Action item -> Transcribe word for word the section of the records below that opens with the line containing "トルティーヤ(今回は直径15" and closes with the line containing "Poseidone è un'imponente"; drop every picture.

Information shown ->
────────────────

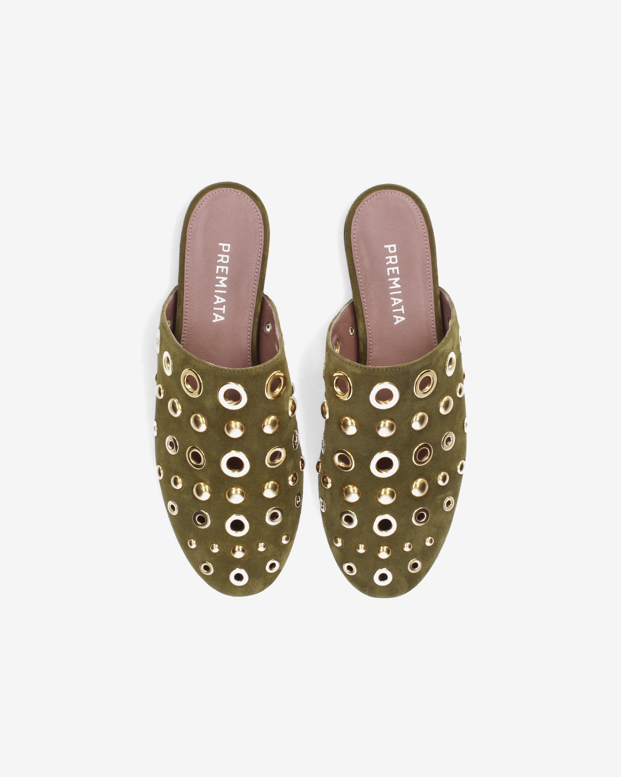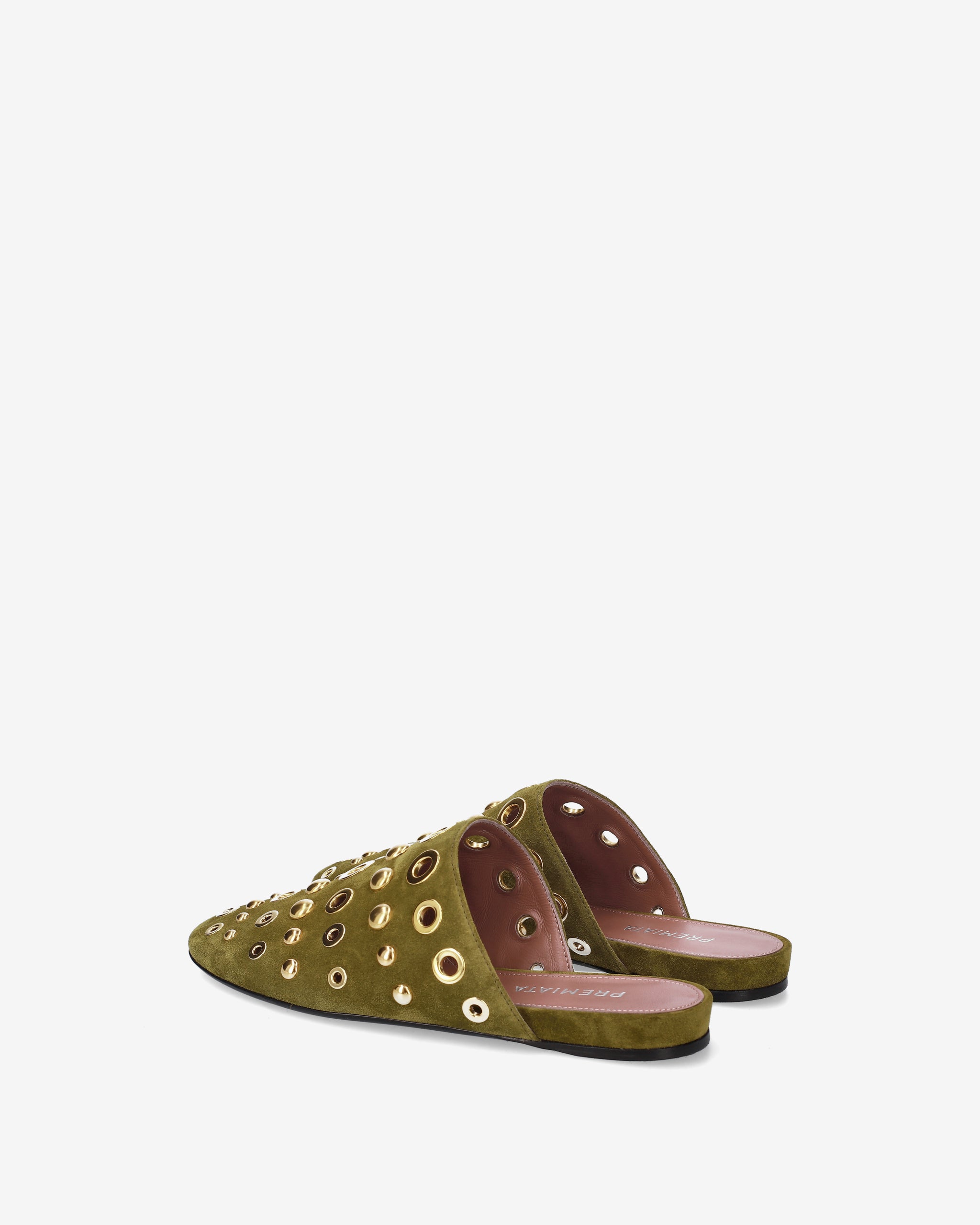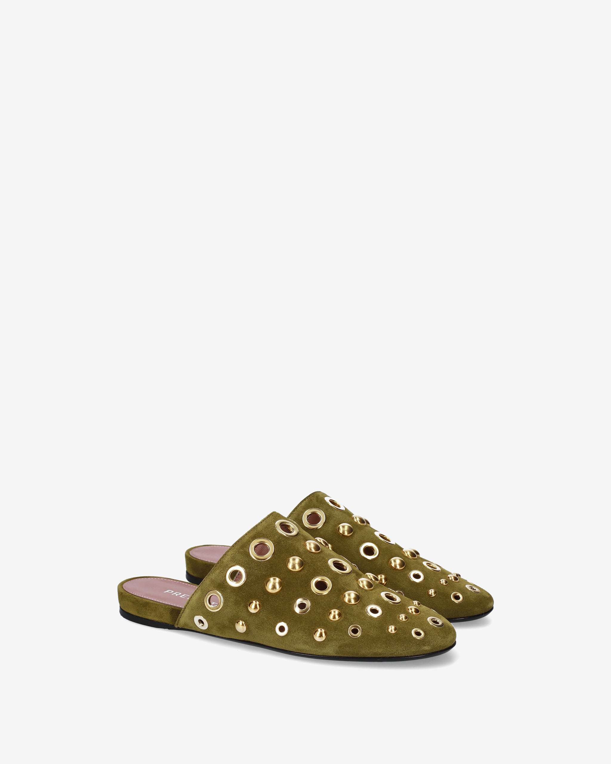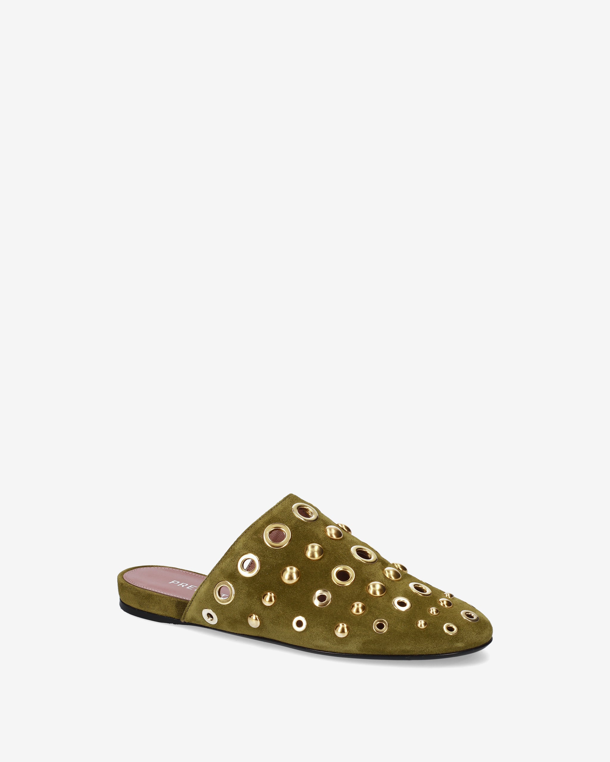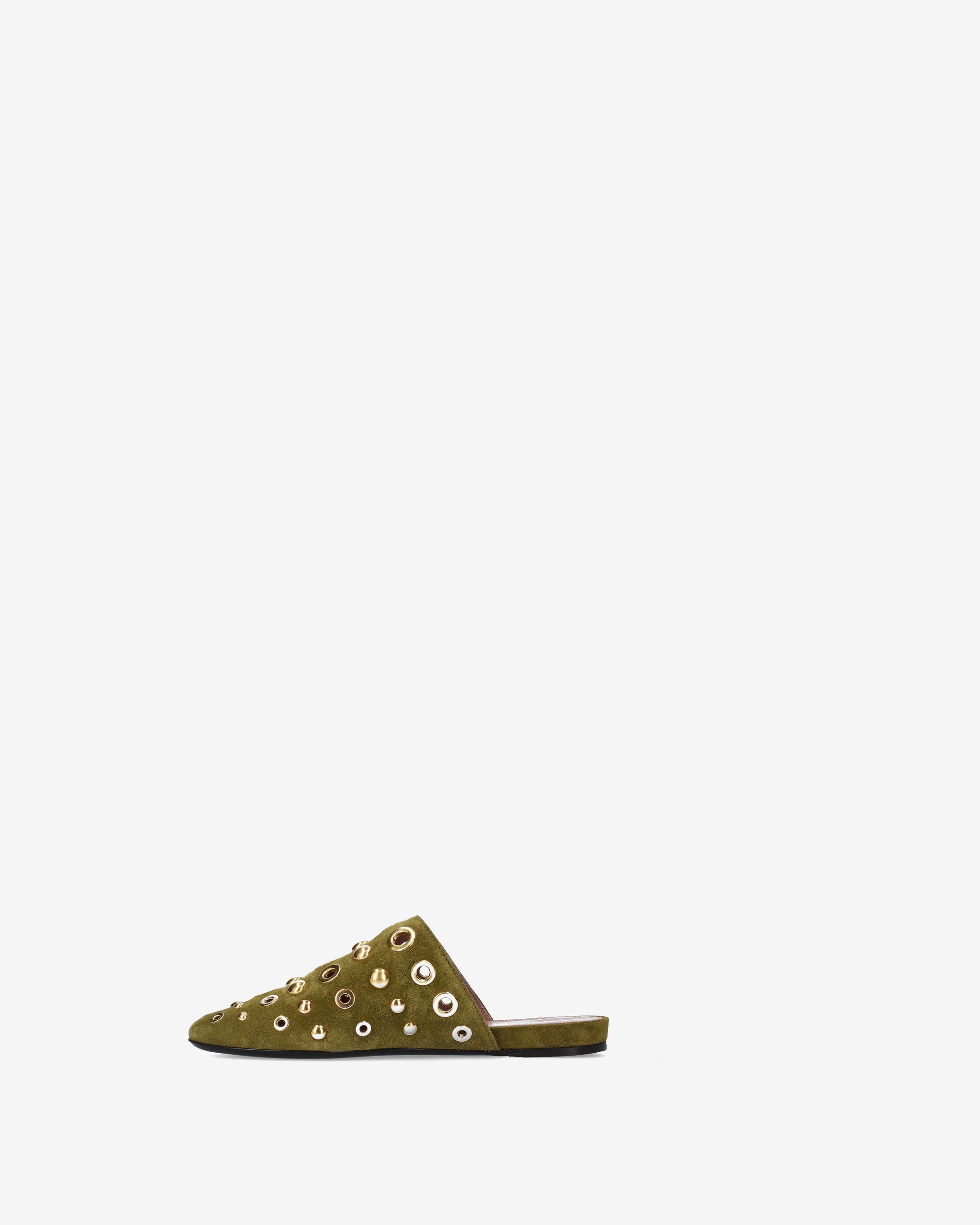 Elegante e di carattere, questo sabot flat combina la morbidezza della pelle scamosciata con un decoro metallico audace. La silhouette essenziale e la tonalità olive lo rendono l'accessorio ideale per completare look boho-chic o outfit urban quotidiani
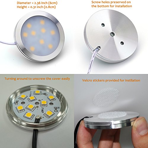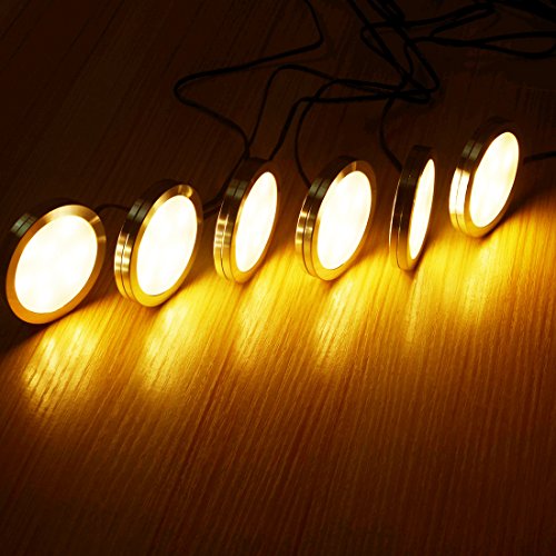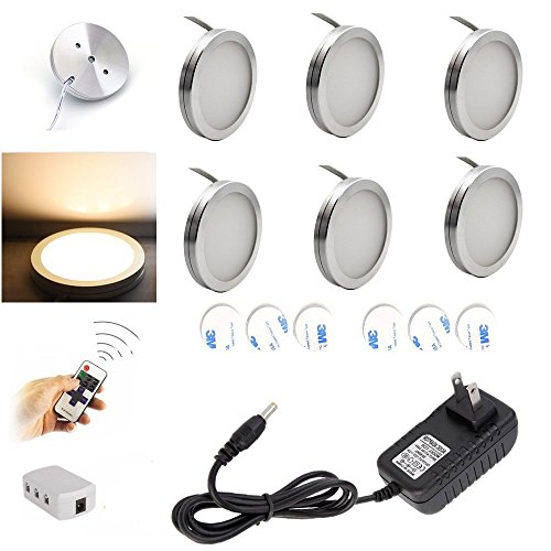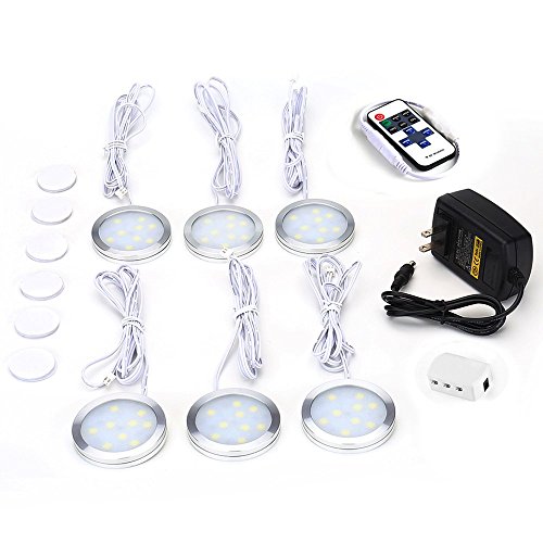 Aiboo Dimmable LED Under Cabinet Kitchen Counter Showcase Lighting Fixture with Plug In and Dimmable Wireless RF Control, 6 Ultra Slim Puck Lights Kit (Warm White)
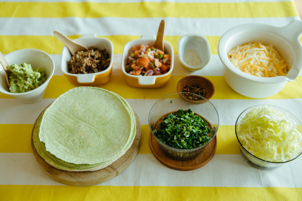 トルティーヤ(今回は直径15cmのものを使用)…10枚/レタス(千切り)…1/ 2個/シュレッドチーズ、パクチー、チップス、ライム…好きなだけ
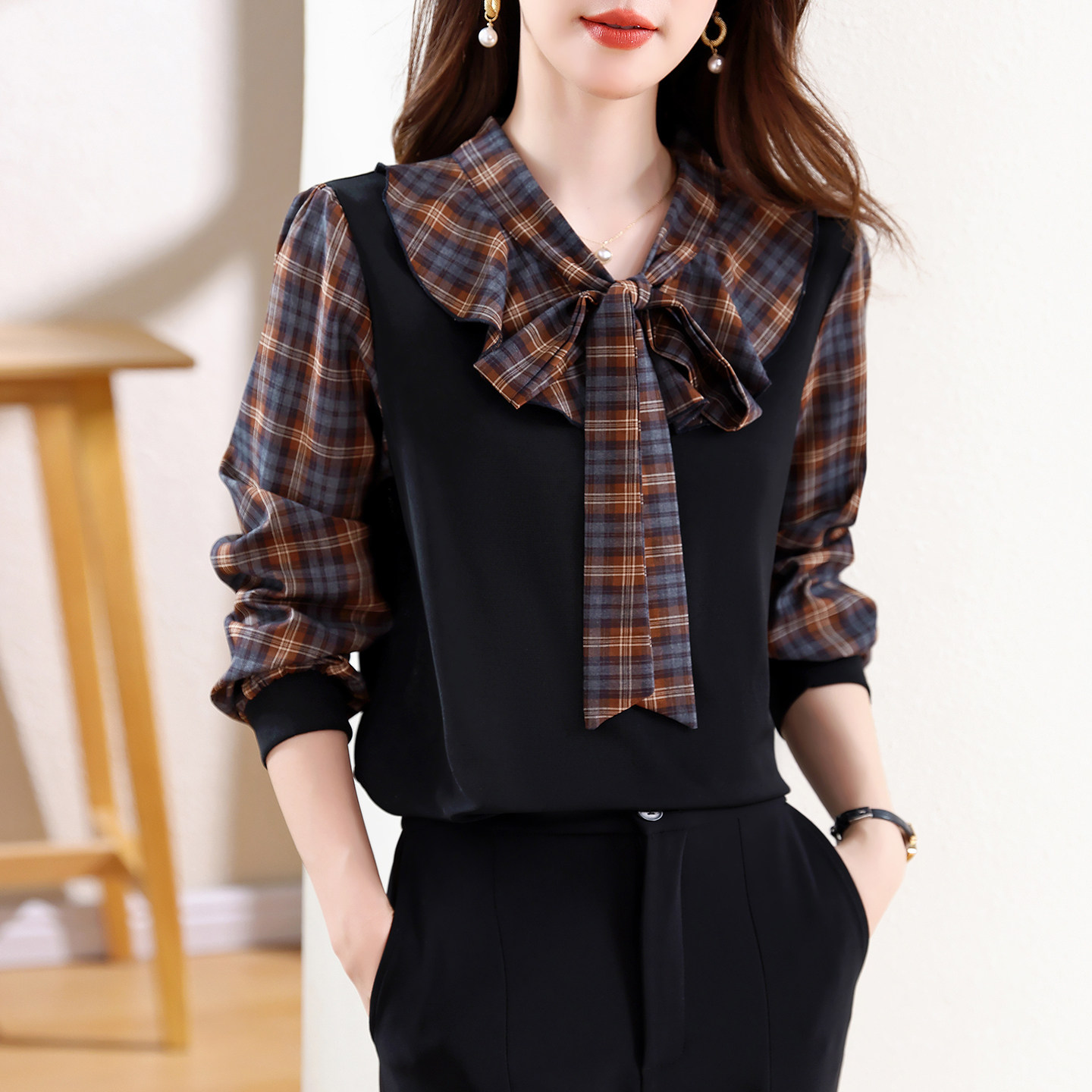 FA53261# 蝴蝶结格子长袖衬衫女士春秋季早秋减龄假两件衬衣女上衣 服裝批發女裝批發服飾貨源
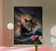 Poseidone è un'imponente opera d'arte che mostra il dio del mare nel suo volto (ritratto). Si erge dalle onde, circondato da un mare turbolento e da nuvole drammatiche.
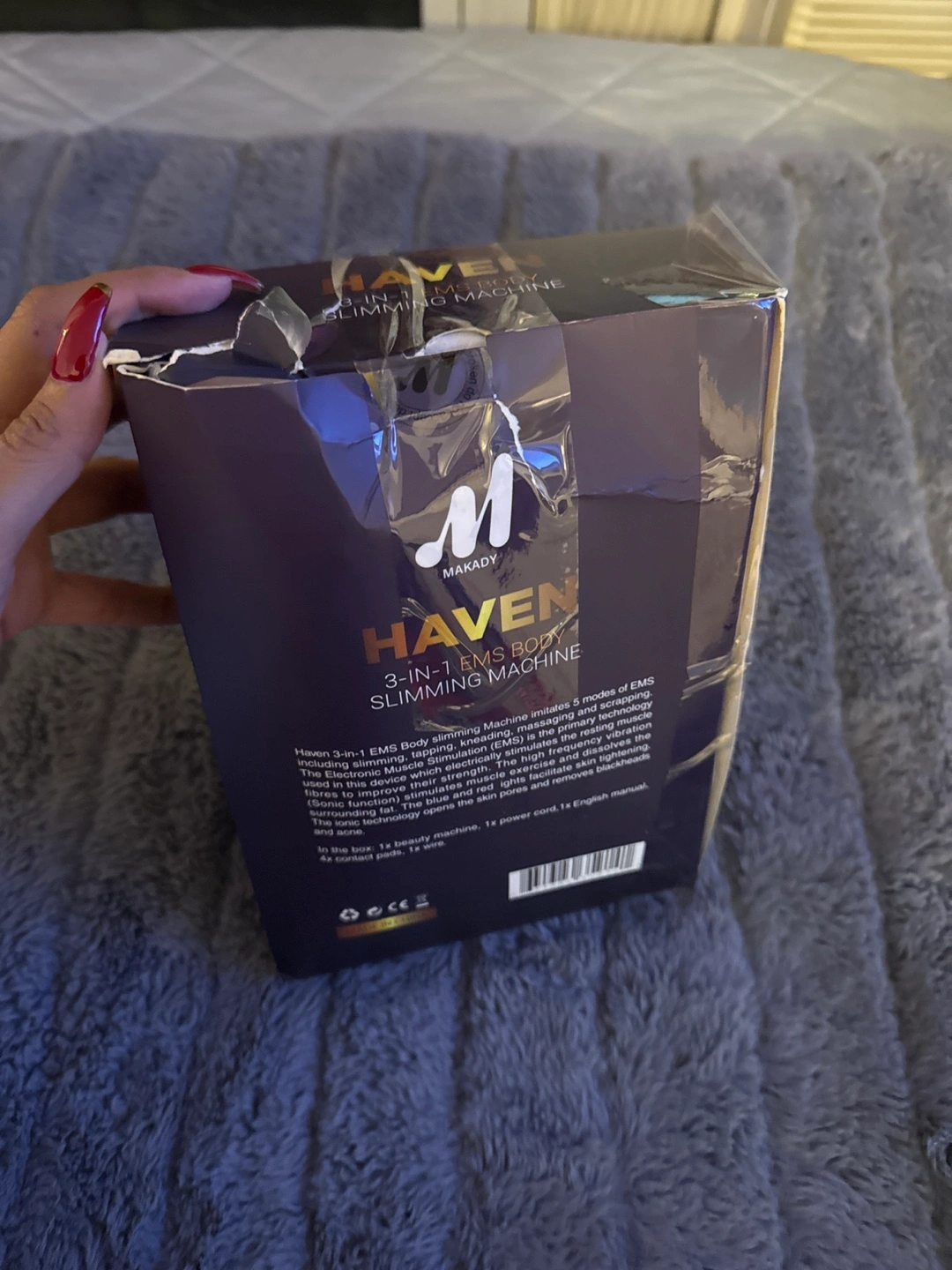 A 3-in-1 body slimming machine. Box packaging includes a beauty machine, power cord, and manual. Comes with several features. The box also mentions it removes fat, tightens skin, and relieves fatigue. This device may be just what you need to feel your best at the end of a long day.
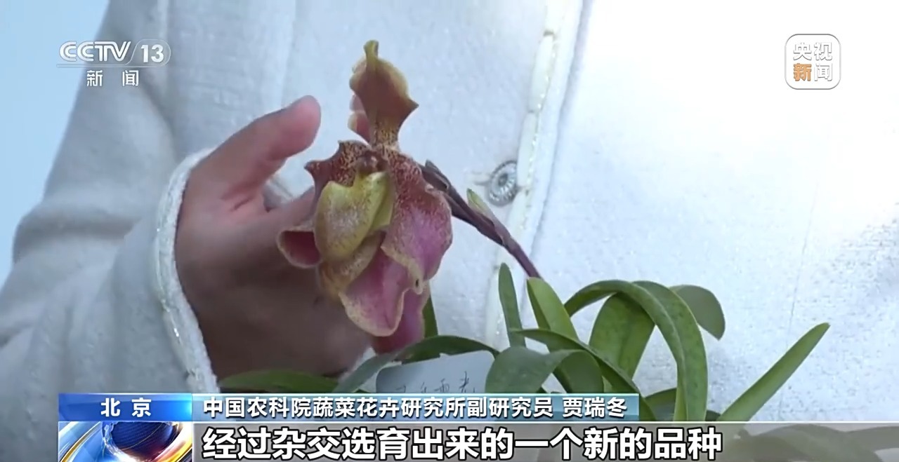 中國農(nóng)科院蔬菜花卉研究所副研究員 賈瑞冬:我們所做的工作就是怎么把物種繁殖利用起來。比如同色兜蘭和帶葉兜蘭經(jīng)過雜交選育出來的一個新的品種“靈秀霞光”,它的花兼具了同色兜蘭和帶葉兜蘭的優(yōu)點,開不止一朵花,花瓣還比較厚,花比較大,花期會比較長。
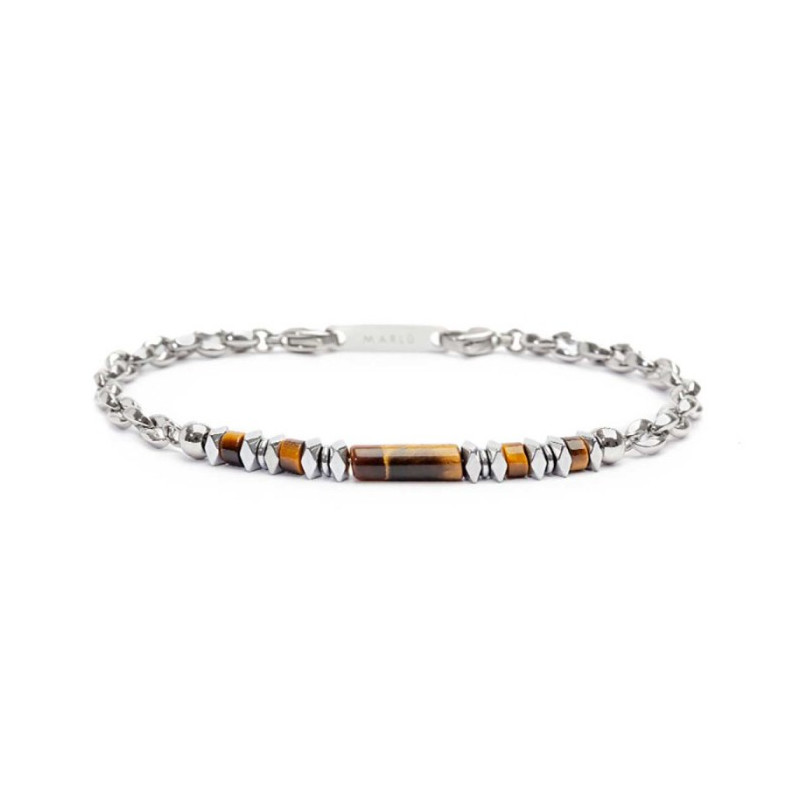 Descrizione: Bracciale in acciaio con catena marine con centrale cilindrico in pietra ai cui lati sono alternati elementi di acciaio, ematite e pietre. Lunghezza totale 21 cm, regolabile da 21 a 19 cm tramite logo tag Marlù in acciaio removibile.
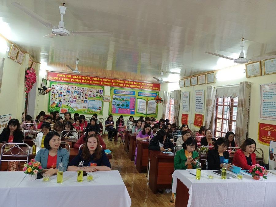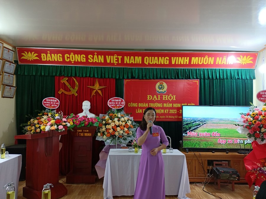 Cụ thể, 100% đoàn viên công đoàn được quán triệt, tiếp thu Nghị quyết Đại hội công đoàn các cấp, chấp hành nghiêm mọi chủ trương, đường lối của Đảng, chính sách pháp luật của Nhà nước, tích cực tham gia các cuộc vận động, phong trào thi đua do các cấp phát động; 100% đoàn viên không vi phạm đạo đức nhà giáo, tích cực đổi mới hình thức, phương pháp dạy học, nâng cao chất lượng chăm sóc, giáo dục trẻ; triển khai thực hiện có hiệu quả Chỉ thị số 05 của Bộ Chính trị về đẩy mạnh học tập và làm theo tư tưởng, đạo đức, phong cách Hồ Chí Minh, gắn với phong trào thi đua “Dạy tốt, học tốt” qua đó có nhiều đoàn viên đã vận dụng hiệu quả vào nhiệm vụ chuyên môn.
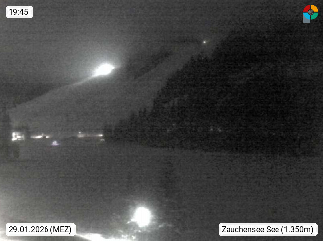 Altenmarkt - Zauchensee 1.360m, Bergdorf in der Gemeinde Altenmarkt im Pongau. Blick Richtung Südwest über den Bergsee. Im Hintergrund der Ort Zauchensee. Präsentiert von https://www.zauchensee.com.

────────────────

Answer below ->
 トルティーヤ(今回は直径15cmのものを使用)…10枚/レタス(千切り)…1/ 2個/シュレッドチーズ、パクチー、チップス、ライム…好きなだけ
 FA53261# 蝴蝶结格子长袖衬衫女士春秋季早秋减龄假两件衬衣女上衣 服裝批發女裝批發服飾貨源
 Poseidone è un'imponente opera d'arte che mostra il dio del mare nel suo volto (ritratto). Si erge dalle onde, circondato da un mare turbolento e da nuvole drammatiche.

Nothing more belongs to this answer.